▶ Task to carry out: Starting at the line that contains "其中广西、海南、云南、福建、" and stopping at the line that contains "K5モデルは時計好きにはたま", restate each line of the records below exactly. Omit the pictures.
--- Supplied data Enclosed Below ---
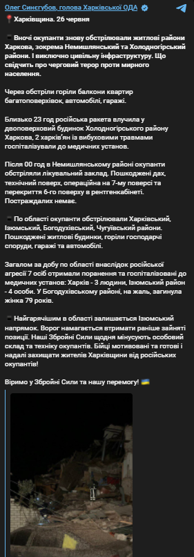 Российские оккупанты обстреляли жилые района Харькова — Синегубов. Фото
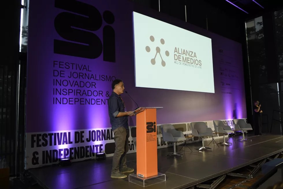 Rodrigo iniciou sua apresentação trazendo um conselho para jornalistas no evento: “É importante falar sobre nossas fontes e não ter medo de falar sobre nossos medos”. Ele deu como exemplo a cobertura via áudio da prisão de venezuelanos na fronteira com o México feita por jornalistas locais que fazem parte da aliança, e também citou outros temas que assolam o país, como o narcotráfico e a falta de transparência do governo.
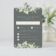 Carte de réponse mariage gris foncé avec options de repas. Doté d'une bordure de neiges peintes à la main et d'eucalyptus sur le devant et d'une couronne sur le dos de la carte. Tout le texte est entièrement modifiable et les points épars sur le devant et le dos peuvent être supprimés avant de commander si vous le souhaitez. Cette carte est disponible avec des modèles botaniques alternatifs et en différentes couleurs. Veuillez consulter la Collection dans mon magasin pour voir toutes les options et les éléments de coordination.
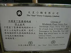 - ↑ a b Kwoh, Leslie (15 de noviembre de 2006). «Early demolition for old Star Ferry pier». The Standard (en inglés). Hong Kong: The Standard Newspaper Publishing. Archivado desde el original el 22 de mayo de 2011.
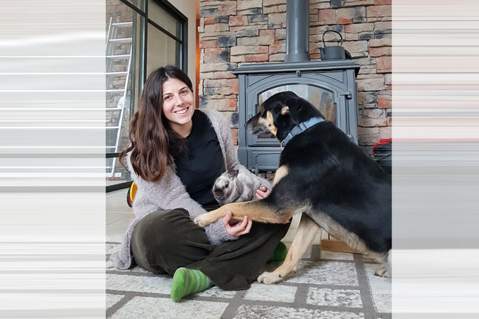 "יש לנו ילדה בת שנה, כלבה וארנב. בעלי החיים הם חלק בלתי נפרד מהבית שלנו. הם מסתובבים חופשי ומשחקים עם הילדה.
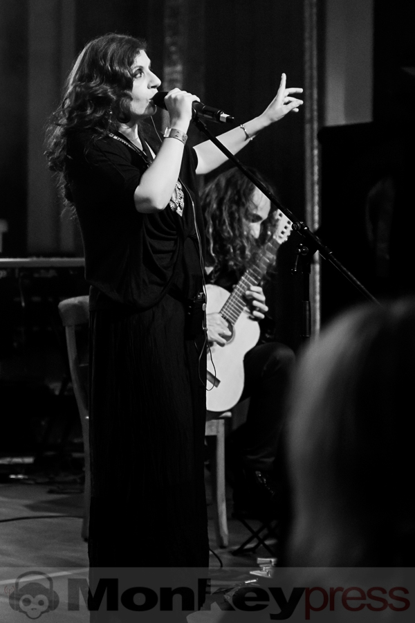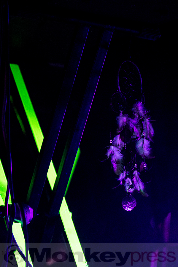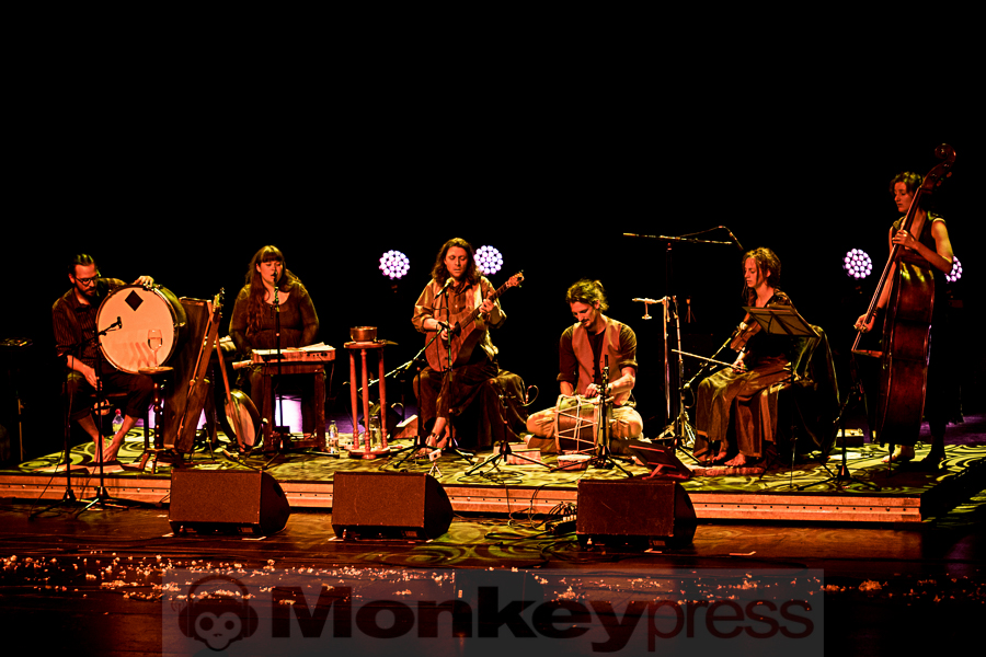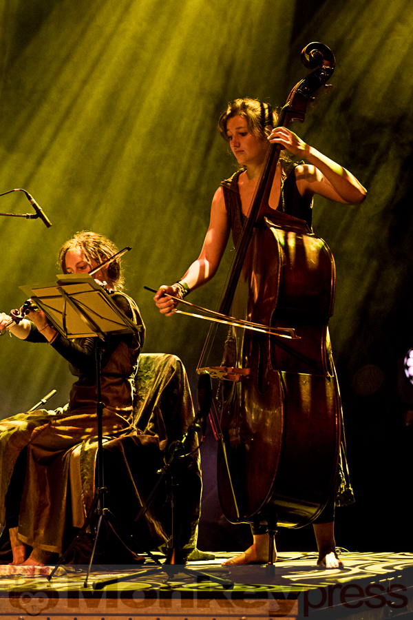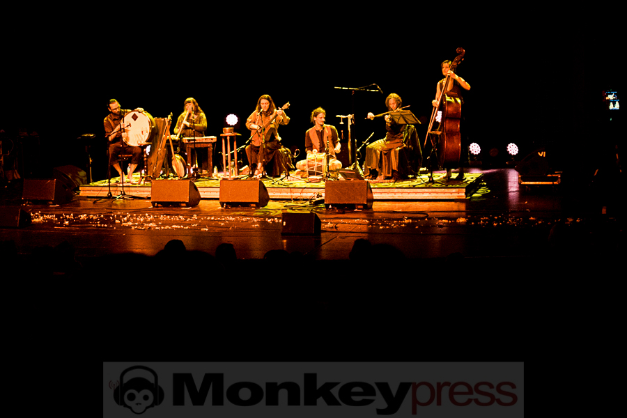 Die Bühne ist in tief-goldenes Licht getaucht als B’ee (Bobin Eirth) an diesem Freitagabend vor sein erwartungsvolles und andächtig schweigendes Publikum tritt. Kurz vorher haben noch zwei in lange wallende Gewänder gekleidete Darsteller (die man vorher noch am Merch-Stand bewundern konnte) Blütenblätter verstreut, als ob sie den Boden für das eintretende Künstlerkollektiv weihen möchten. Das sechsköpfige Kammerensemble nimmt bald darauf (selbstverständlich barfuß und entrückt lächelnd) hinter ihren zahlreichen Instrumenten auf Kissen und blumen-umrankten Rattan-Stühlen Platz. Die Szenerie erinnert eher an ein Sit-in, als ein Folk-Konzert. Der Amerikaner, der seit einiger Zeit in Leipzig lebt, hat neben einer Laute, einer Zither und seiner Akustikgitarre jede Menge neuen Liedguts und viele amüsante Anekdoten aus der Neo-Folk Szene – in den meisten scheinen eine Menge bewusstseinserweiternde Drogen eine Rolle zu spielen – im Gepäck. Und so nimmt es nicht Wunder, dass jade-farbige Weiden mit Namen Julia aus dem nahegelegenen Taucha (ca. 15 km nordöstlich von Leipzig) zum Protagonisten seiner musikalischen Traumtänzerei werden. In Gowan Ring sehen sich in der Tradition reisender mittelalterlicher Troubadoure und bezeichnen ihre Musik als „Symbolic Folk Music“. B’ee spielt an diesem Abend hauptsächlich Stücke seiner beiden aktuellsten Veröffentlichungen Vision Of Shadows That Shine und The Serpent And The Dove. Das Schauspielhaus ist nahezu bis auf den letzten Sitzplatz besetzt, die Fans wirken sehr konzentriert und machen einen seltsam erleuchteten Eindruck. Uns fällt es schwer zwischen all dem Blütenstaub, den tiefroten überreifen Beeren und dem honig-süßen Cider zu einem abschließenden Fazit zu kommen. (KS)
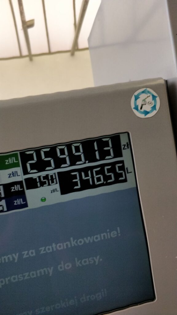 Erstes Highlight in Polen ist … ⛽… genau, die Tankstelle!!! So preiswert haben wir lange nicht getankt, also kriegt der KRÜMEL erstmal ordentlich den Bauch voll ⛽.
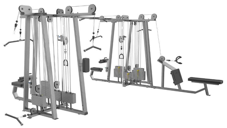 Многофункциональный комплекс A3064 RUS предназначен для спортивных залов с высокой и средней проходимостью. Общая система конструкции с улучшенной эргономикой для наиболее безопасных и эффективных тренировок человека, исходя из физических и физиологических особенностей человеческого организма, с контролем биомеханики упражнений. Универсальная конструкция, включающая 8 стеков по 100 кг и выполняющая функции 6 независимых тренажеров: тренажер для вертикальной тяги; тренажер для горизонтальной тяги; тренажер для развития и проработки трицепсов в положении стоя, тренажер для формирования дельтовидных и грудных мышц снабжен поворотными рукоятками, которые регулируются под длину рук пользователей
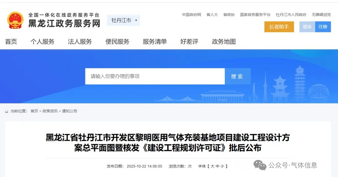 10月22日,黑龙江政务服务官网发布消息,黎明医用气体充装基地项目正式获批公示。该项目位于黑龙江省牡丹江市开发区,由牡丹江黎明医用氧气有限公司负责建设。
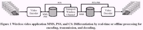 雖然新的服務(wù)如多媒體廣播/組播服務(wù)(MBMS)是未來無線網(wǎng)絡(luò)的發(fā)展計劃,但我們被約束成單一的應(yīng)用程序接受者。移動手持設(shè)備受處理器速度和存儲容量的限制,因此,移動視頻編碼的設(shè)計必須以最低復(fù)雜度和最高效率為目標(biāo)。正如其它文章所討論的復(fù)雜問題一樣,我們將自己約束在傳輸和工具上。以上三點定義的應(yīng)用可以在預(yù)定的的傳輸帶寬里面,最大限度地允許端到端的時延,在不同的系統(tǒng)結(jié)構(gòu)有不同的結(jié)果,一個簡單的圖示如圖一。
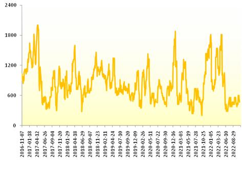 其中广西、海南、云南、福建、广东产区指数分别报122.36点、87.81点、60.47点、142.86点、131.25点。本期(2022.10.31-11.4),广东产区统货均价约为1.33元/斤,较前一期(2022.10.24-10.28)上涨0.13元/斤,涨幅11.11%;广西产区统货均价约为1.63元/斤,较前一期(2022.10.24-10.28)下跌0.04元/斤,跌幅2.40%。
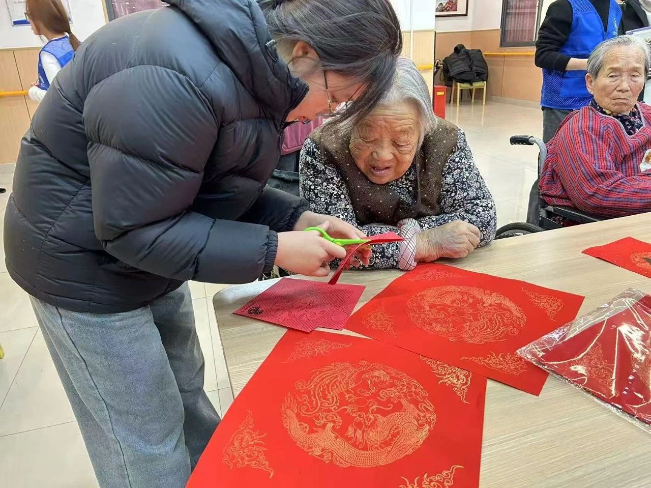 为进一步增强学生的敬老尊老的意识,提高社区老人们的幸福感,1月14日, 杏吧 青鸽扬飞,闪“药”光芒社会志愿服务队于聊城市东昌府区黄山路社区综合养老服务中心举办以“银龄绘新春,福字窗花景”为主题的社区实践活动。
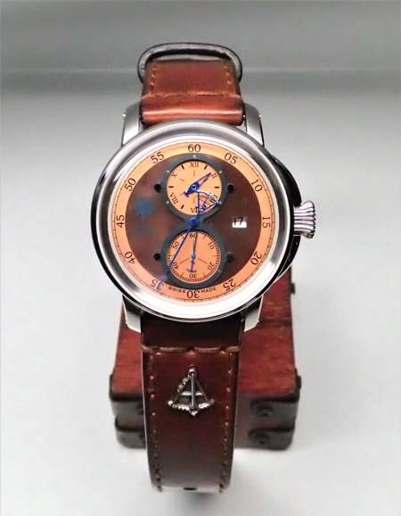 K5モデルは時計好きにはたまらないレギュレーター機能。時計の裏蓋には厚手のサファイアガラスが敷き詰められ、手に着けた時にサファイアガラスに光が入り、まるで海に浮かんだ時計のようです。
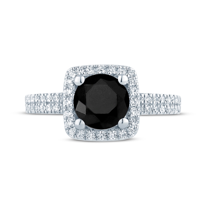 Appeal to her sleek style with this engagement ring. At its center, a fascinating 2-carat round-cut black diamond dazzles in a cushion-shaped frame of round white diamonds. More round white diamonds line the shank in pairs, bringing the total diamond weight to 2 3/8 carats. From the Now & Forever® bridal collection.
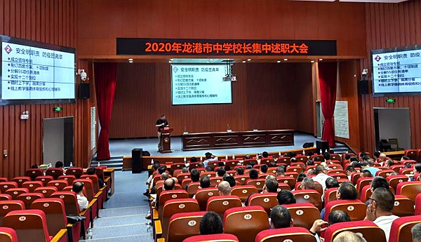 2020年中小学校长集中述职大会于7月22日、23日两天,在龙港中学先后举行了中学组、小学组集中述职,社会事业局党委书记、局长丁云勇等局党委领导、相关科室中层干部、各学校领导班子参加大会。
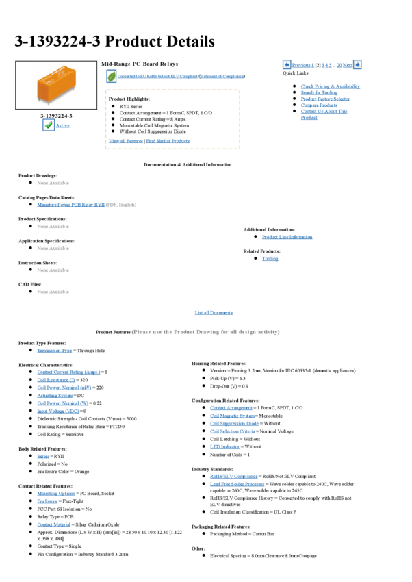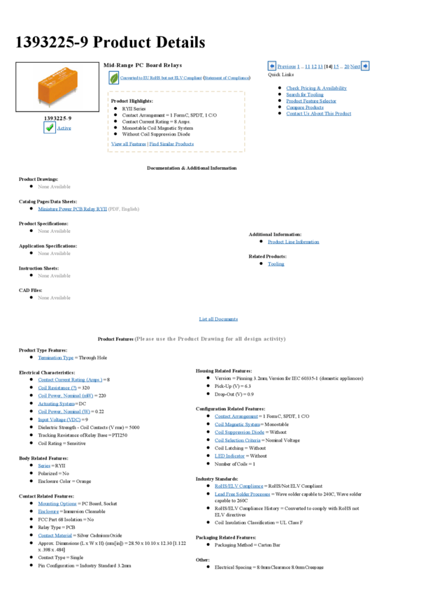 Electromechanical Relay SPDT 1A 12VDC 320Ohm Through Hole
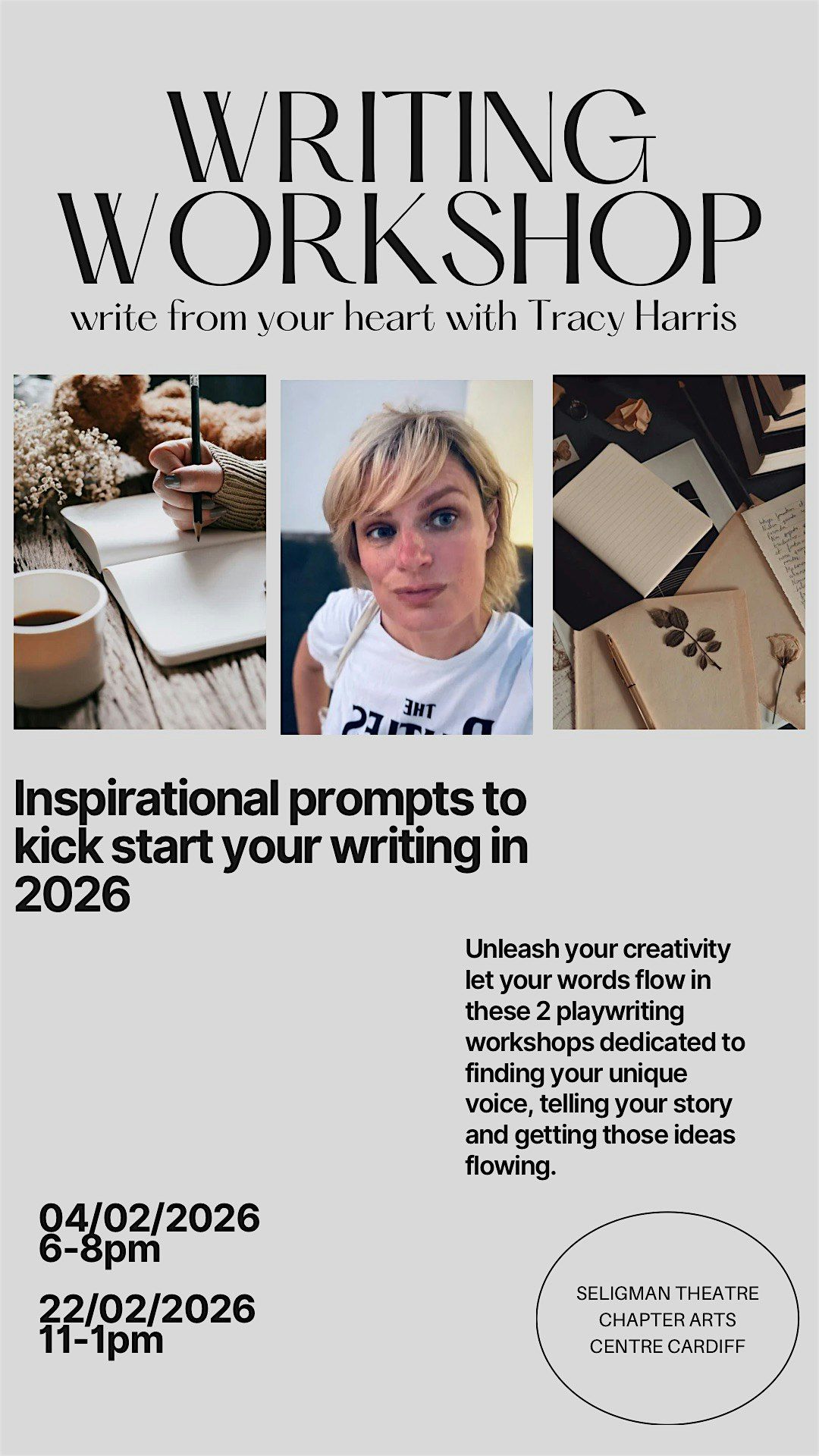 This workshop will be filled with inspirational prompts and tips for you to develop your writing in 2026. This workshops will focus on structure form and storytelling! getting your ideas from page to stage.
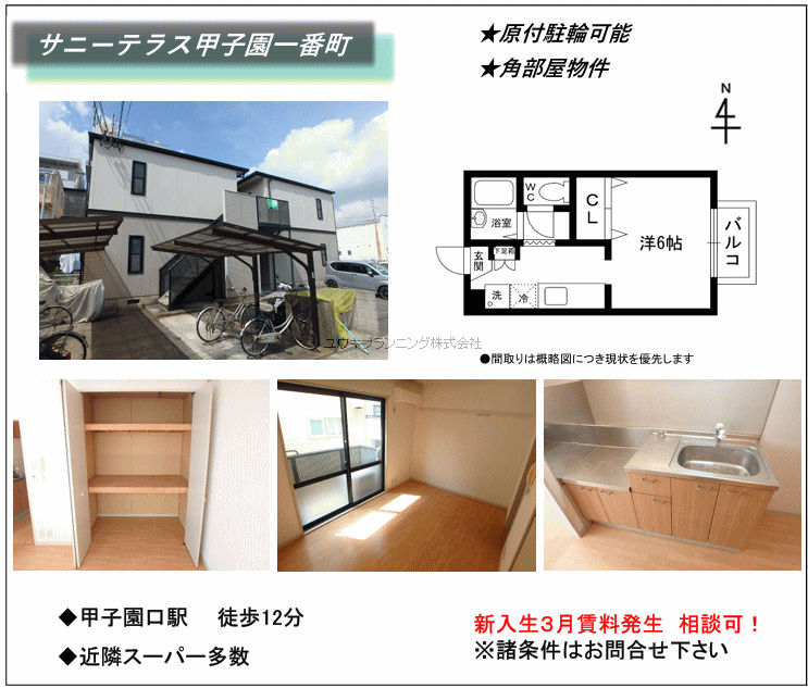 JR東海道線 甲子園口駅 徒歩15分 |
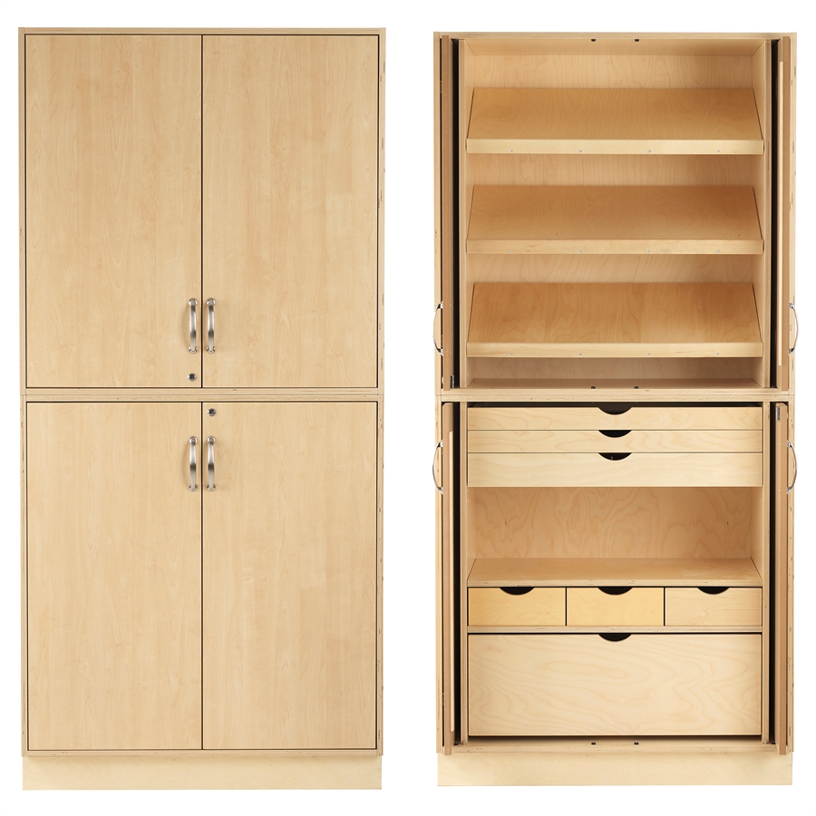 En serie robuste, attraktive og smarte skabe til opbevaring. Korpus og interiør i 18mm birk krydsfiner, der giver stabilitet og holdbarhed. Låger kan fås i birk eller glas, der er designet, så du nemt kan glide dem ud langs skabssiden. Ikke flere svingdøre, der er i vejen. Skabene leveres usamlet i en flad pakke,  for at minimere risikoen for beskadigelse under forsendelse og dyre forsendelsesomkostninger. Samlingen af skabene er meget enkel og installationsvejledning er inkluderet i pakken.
--- End of Enclosed Supplied data ---
▶ Expected output:
 其中广西、海南、云南、福建、广东产区指数分别报122.36点、87.81点、60.47点、142.86点、131.25点。本期(2022.10.31-11.4),广东产区统货均价约为1.33元/斤,较前一期(2022.10.24-10.28)上涨0.13元/斤,涨幅11.11%;广西产区统货均价约为1.63元/斤,较前一期(2022.10.24-10.28)下跌0.04元/斤,跌幅2.40%。
 为进一步增强学生的敬老尊老的意识,提高社区老人们的幸福感,1月14日, 杏吧 青鸽扬飞,闪“药”光芒社会志愿服务队于聊城市东昌府区黄山路社区综合养老服务中心举办以“银龄绘新春,福字窗花景”为主题的社区实践活动。
 K5モデルは時計好きにはたまらないレギュレーター機能。時計の裏蓋には厚手のサファイアガラスが敷き詰められ、手に着けた時にサファイアガラスに光が入り、まるで海に浮かんだ時計のようです。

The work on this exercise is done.